─── RECORDS FOR THE TASK ───
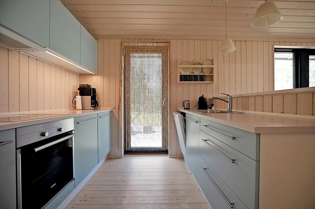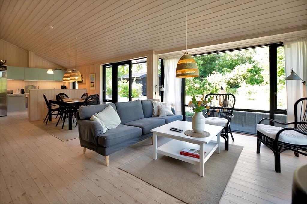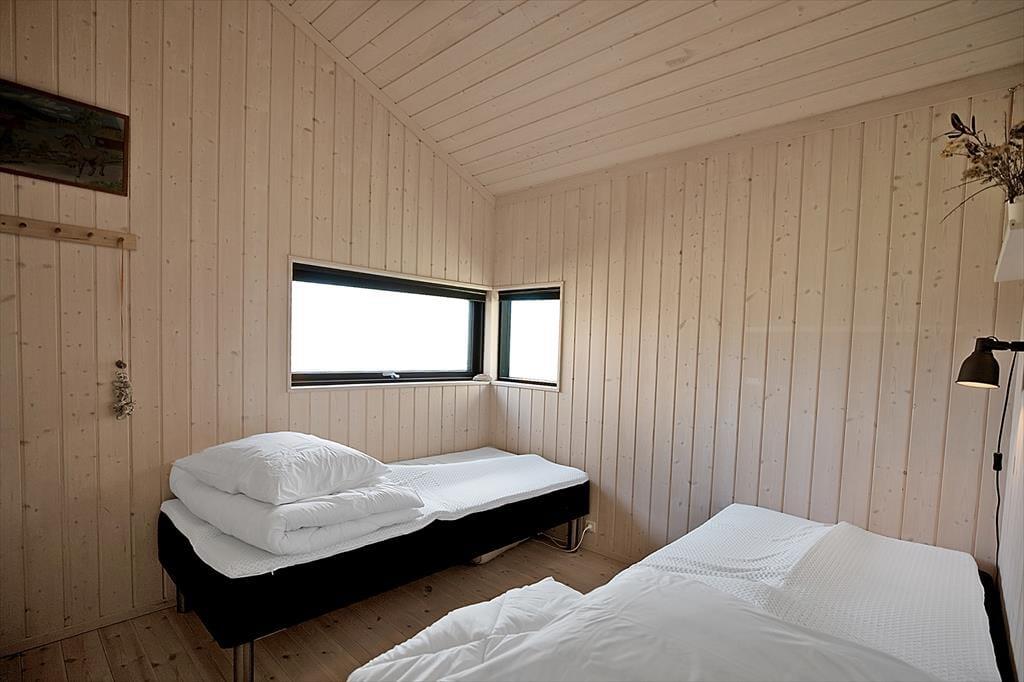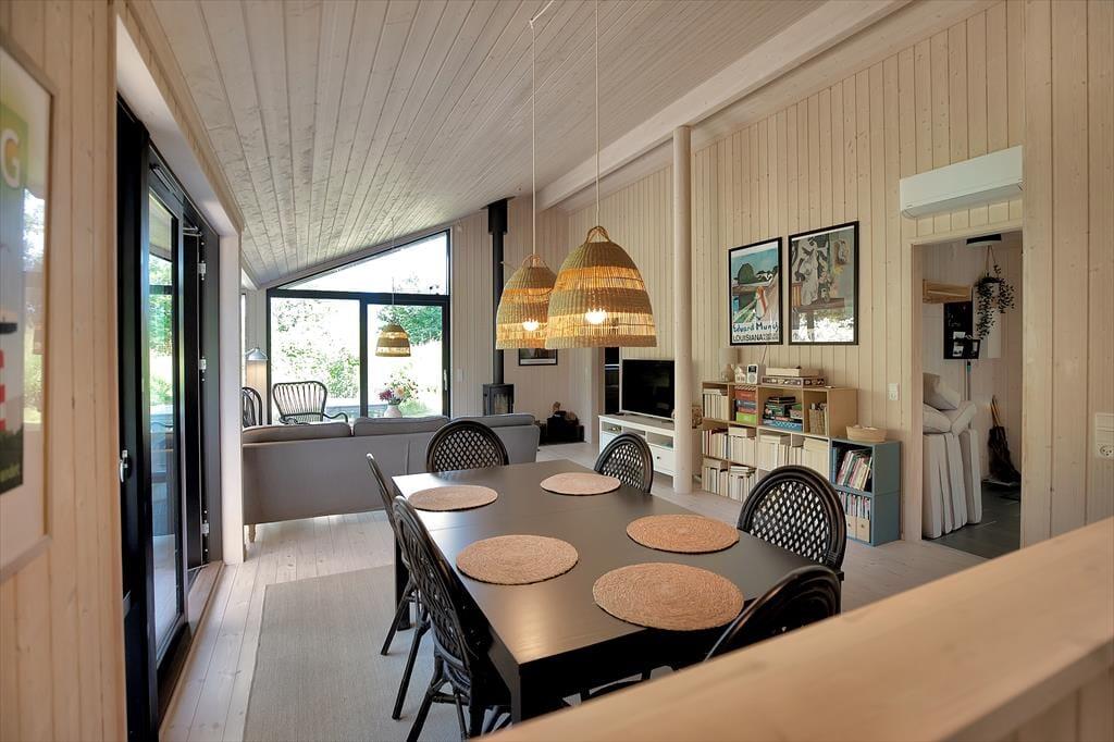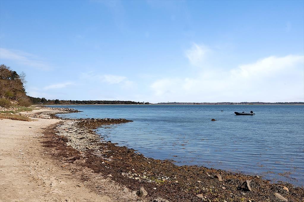 Sommerhuset er beliggende på en skøn placering kun 150 meter fra vandet. Huset er indrettet med åbent køkken med kombineret spise- og dagligstue. I huset er der 3 værelser - de to med to enkeltsenge og det tredje med dobbeltseng. Her er et stort badeværelse, samt et gæstetoilet. Huset har en stor, åben terrasse, plus en overdækket spisekrog. Huset er omgivet af en dejlig naturgrund, hvorfra I kan se fjorden.
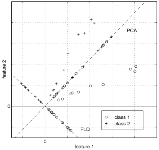 两个类别,class1的点都是圆圈,class2的点都是十字。图中有两条直线,斜率在1左右的这条直线是PCA选择的映射直线,斜率在 -1左右的这条直线是LDA选择的映射直线。其余不在这两条直线上的点是原始数据点。可以看到由于LDA考虑了“类别”这个信息(即标注),映射后,可以很好的将class1和class2的点区分开。也就是说,LDA是以分类为导向的,考虑的是如何选择投影方向使得分类更好,是有监督的;而PCA是一种无监督的降维方式,它只是单纯的降维,它考虑的是如何选择投影面才能使得降维以后的样本信息保留的最大(而这是通过方差大来体现的)。
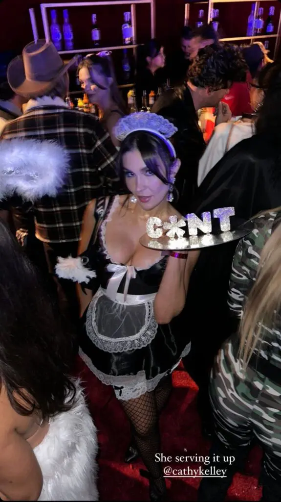 While rocking a maid’s outfit, Cathy Kelley had the word “C*NT” on a platter. The joke is that she was “serving up c*nt,” which is a popular expression. It also may be one that she owned for Halloween.
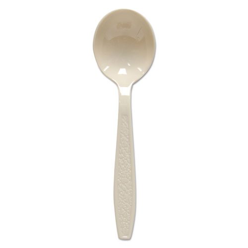 Studio : Solo Publisher : Solo Binding : Misc. Product Description Solo Guildware extra heavy weight polystyrene soup spoon with a premier look and feel, Guildware adds a finishing touch to every meal occasion. The extra heavy weight polystyrene cutlery delivers the durability to handle dense foods like fish and steak. The ideal product when only the best will do. Look and performance of permanent flatware, designer styling with textured handles. Full length perfect for steakhouse takeout, catering and other high-end meal service occasions. Classic design retains legacy Sweetheart features and quality. Adds a finishing touch to every meal. Hot and cold applications. 7-inches Length. Champagne color. Special features: bulk packed and full length. 0
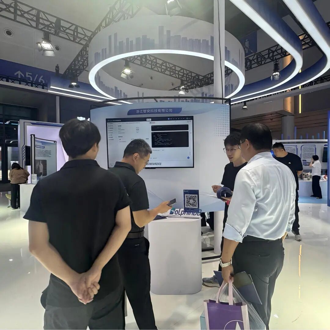 2025年9月25日,第四届全球数字贸易博览会(以下简称“数贸会”)在杭州盛大启幕。本届数贸会以“在数贸会看见创新未来”为主题,吸引了154个国家和地区的1800多家企业参展,规模再创新高。为期5天的展会期间还将举办机器人创新大赛、电子音乐节等系列活动,全球数贸星座、智能陪伴机器人等百余项中国首发、亚洲首秀、全球首展的最新技术和产品也将在数贸会期间集中发布。作为全球唯一以数字贸易为主题的国家级、国际性、专业型展会,数贸会吸引了全球目光。本次数贸会共设置“1+7”展区:1个数贸主题展馆和人工智能、丝路电商、数智出行、数字文娱、数字医疗、智慧空间、智慧物流等7个特色产业展区。DolphinDB 作为时序数据治理领军企业,与 DeepSeek、宇树科技等人工智能领域代表企业一同亮相「人工智能馆」,彰显 AI 时代大数据基础软件的技术硬实力。
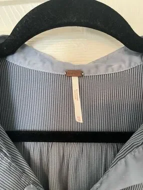 Free People XS Gray Pinstripe V-Neck Tunic Blouse Goth Minimalist
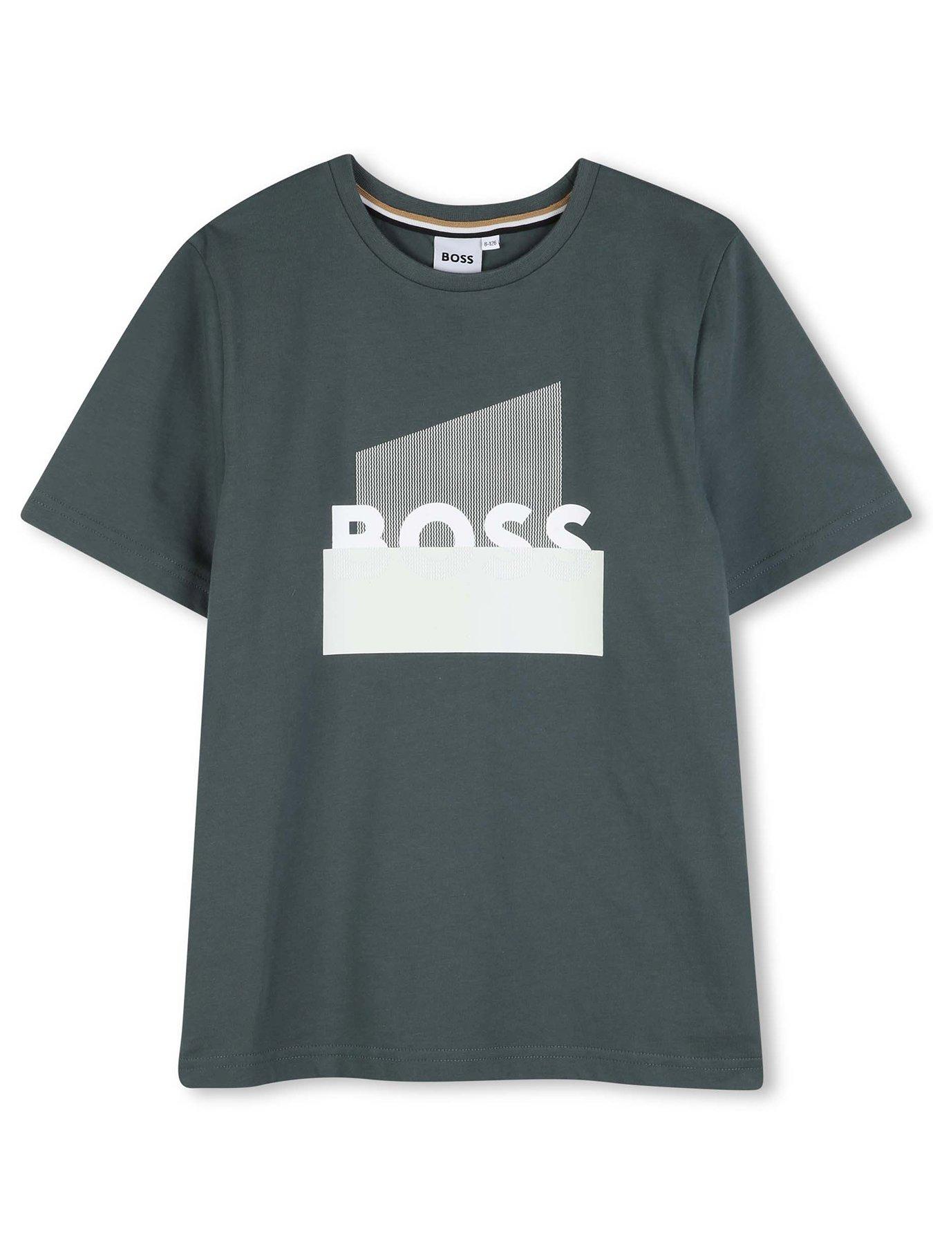 BOSS Boys Graphic Short Sleeve T-shirt - GreenShort-sleeved cotton jersey T-shirt with BOSS graphic centered on chest.
───
* _ABOUT THIS TASK_
All that should appear in the response is the run of lines from the one with "Free People XS" through the final line of the records, restated exactly, with pictures omitted.

* _WRITTEN RESPONSE_
 Free People XS Gray Pinstripe V-Neck Tunic Blouse Goth Minimalist
 BOSS Boys Graphic Short Sleeve T-shirt - GreenShort-sleeved cotton jersey T-shirt with BOSS graphic centered on chest.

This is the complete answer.